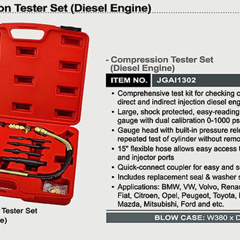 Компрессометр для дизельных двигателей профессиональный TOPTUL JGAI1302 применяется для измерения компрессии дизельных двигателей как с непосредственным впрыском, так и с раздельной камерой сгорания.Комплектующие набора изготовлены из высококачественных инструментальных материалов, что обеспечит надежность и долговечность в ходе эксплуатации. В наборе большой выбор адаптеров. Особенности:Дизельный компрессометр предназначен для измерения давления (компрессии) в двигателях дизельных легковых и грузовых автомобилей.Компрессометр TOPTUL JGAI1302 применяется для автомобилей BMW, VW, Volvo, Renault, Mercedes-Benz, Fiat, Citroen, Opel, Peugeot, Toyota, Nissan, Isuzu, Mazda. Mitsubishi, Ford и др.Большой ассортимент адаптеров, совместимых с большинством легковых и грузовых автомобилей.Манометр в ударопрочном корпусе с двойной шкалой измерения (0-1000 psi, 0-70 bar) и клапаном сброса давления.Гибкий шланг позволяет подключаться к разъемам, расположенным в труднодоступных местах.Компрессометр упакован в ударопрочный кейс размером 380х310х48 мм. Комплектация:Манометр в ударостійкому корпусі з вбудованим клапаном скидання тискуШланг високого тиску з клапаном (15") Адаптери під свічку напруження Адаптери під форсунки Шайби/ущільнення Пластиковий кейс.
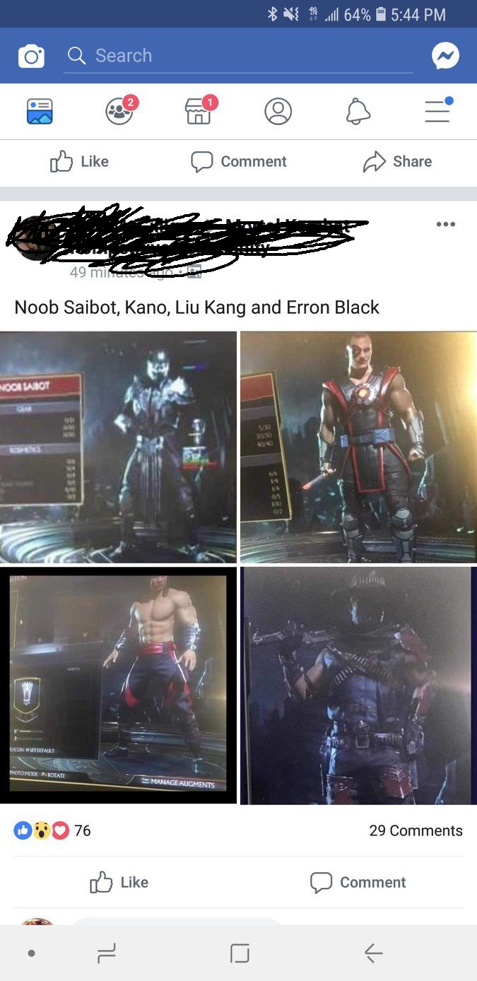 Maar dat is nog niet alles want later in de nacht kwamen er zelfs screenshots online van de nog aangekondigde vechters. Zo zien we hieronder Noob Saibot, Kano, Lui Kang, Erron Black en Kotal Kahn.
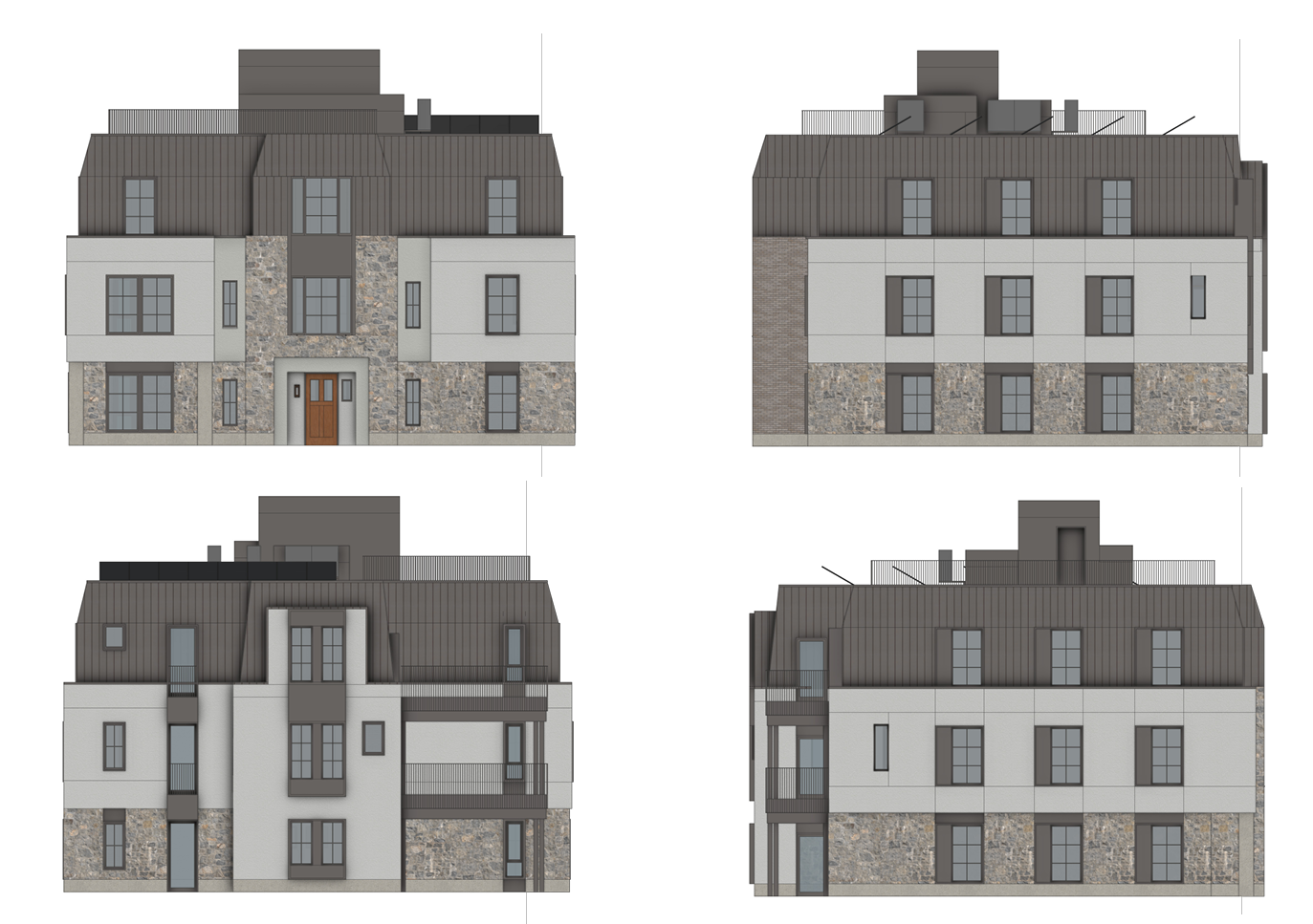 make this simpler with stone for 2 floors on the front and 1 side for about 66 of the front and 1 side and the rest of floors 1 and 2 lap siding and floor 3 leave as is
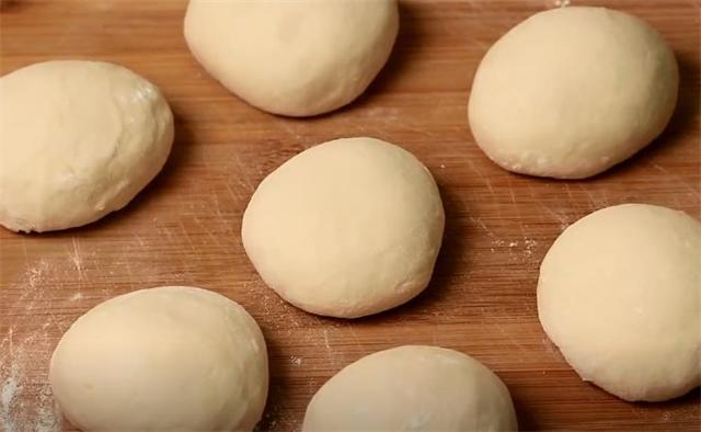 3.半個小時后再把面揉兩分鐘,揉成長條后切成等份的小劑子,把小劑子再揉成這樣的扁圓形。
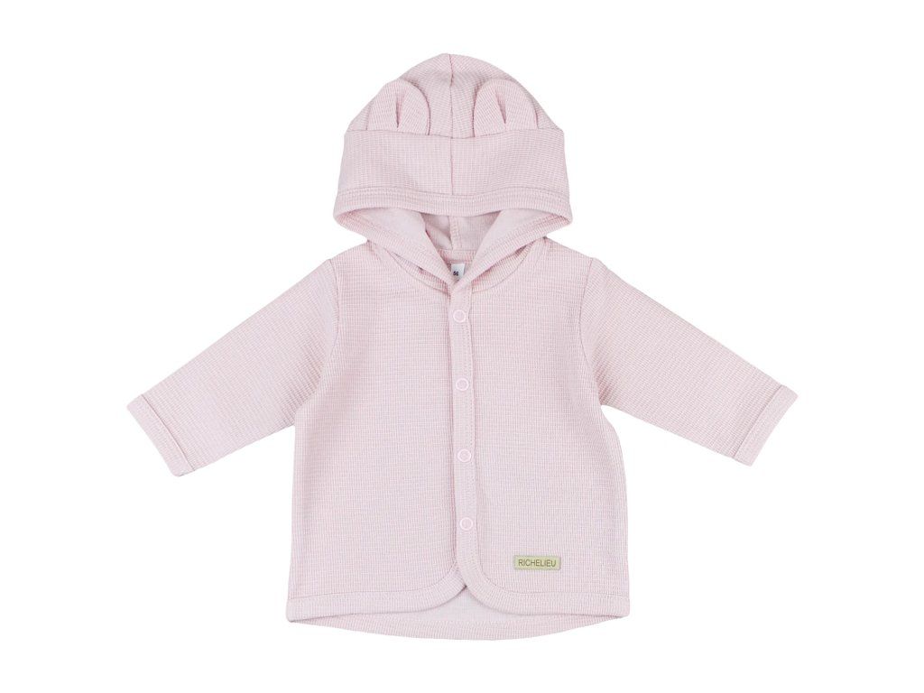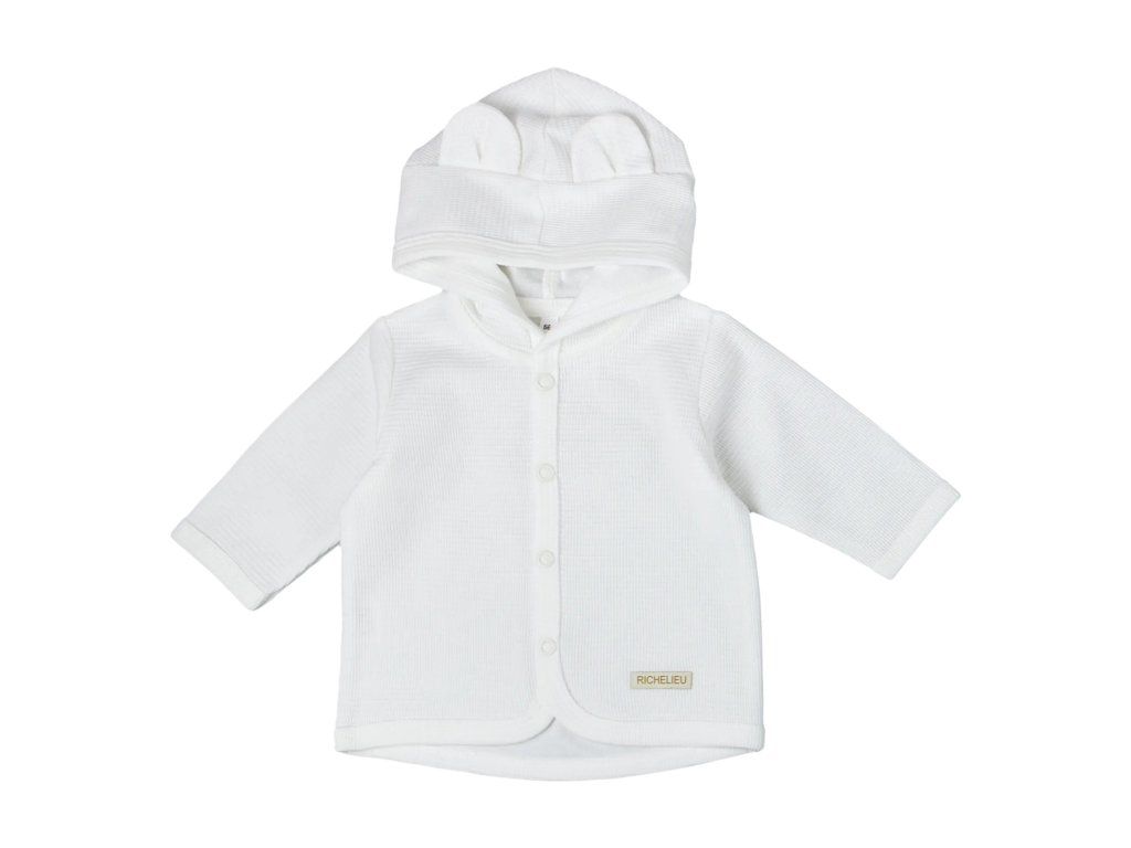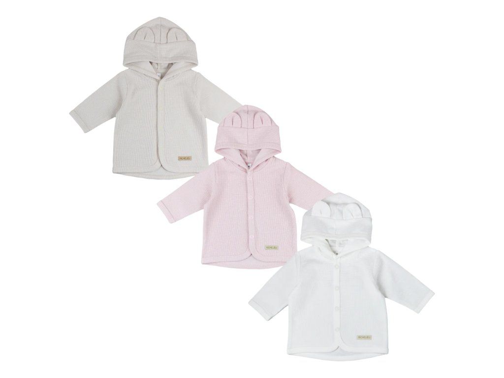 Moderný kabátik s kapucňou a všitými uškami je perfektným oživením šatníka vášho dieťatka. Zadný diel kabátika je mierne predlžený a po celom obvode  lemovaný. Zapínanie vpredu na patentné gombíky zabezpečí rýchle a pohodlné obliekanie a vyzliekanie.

====

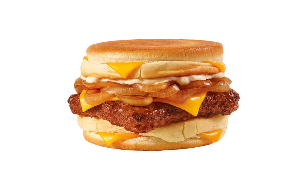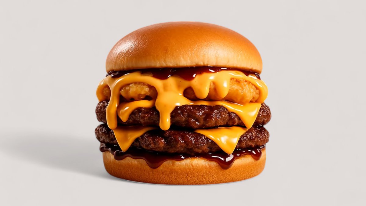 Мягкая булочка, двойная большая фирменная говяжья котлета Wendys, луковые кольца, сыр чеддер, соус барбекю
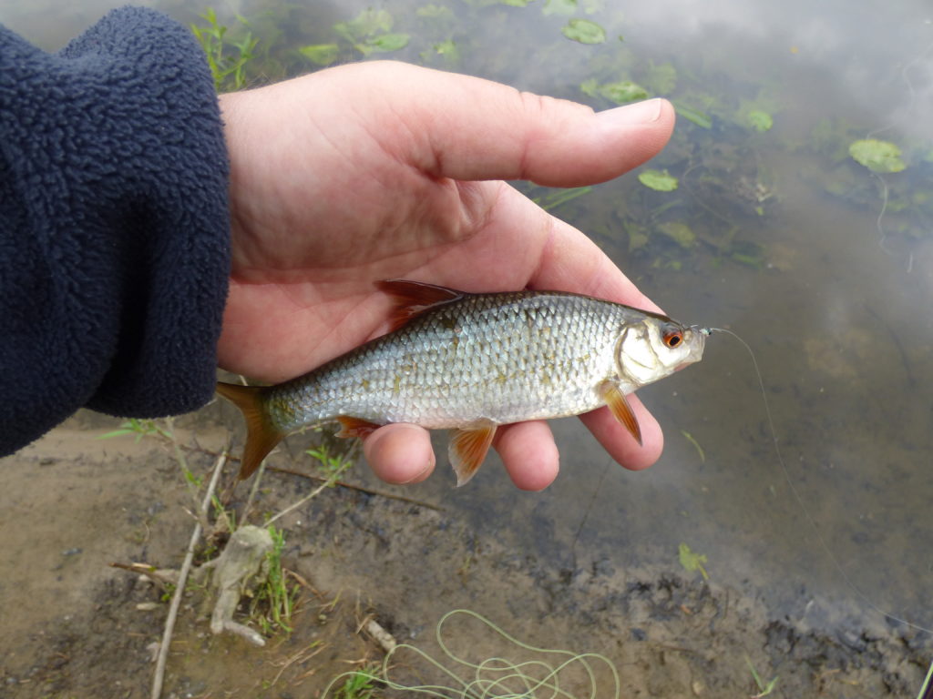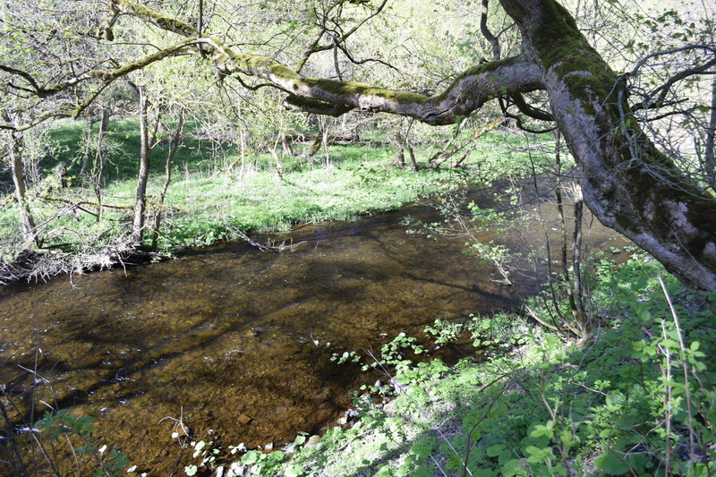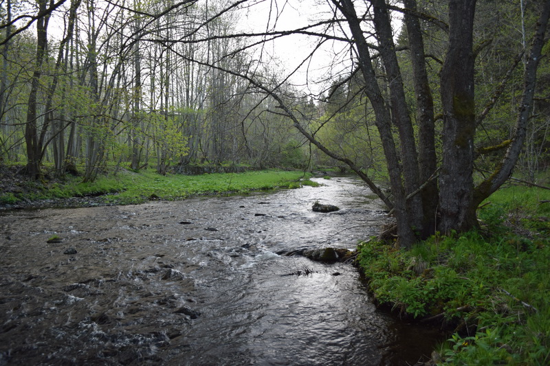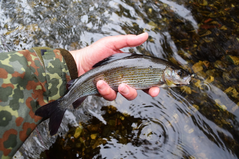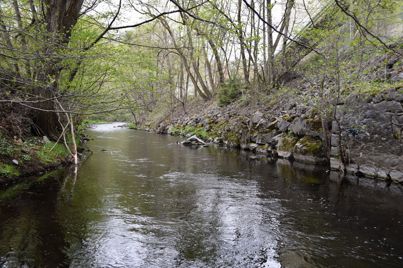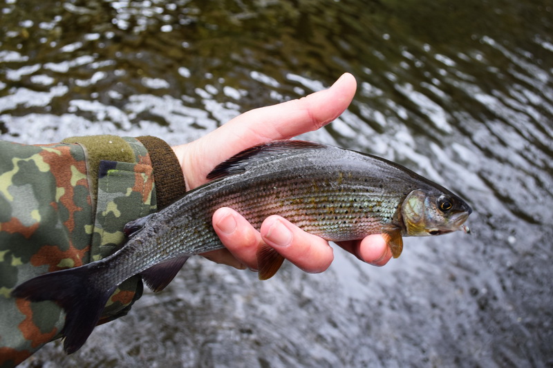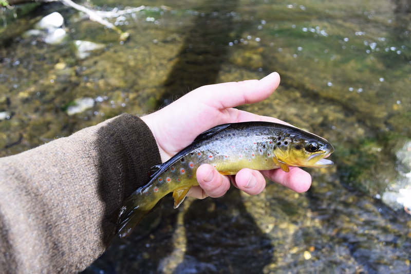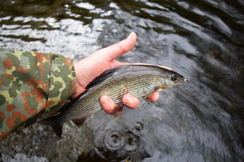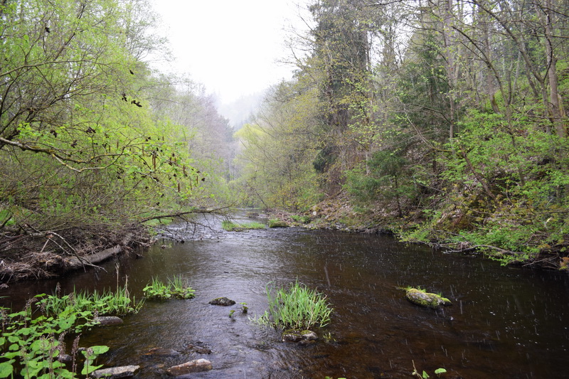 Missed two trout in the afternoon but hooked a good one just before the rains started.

====

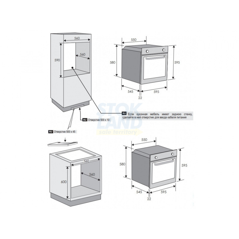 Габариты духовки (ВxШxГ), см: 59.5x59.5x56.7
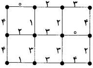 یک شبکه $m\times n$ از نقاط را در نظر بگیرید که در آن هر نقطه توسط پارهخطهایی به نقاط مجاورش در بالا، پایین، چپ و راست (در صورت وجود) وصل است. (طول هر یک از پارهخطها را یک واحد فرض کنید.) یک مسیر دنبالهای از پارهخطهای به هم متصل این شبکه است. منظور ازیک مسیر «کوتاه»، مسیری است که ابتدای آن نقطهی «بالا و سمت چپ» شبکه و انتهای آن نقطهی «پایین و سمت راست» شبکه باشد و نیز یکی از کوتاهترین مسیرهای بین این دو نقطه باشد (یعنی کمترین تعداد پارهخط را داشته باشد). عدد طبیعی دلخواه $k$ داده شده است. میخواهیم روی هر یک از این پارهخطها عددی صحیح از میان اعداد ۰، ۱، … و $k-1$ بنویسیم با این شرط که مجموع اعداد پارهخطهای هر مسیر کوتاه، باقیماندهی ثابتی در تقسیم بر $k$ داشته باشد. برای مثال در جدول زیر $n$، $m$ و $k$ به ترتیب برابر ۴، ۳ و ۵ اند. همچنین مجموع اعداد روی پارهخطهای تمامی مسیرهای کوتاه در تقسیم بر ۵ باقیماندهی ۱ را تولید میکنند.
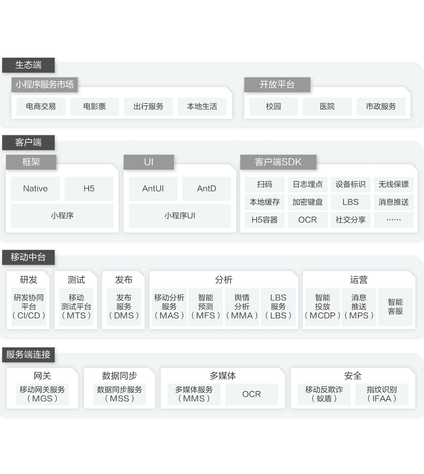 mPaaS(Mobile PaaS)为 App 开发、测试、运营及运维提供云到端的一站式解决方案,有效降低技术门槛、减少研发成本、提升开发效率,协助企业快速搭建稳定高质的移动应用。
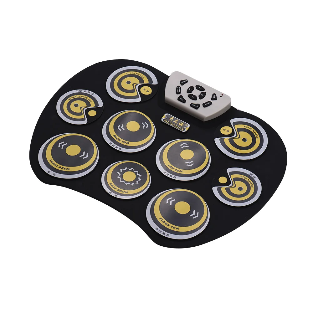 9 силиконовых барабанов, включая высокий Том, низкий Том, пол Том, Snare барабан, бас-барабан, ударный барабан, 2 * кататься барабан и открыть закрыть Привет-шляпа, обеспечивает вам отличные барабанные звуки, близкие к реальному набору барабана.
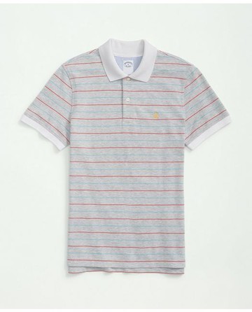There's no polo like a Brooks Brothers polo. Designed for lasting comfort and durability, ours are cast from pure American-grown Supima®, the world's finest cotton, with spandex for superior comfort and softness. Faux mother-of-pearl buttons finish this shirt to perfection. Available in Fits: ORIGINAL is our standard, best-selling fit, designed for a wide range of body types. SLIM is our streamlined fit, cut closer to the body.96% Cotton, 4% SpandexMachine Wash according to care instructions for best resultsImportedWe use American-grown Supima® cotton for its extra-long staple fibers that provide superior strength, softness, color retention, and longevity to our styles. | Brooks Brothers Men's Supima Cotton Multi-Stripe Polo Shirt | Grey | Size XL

====

Exactly reproduce the lines above, starting at the one that contains "3.半個小時后再把面揉兩分鐘" and ending at the one that contains "Moderný kabátik s", both inclusive; leave the pictures out and add no other lines.

 3.半個小時后再把面揉兩分鐘,揉成長條后切成等份的小劑子,把小劑子再揉成這樣的扁圓形。
 Moderný kabátik s kapucňou a všitými uškami je perfektným oživením šatníka vášho dieťatka. Zadný diel kabátika je mierne predlžený a po celom obvode  lemovaný. Zapínanie vpredu na patentné gombíky zabezpečí rýchle a pohodlné obliekanie a vyzliekanie.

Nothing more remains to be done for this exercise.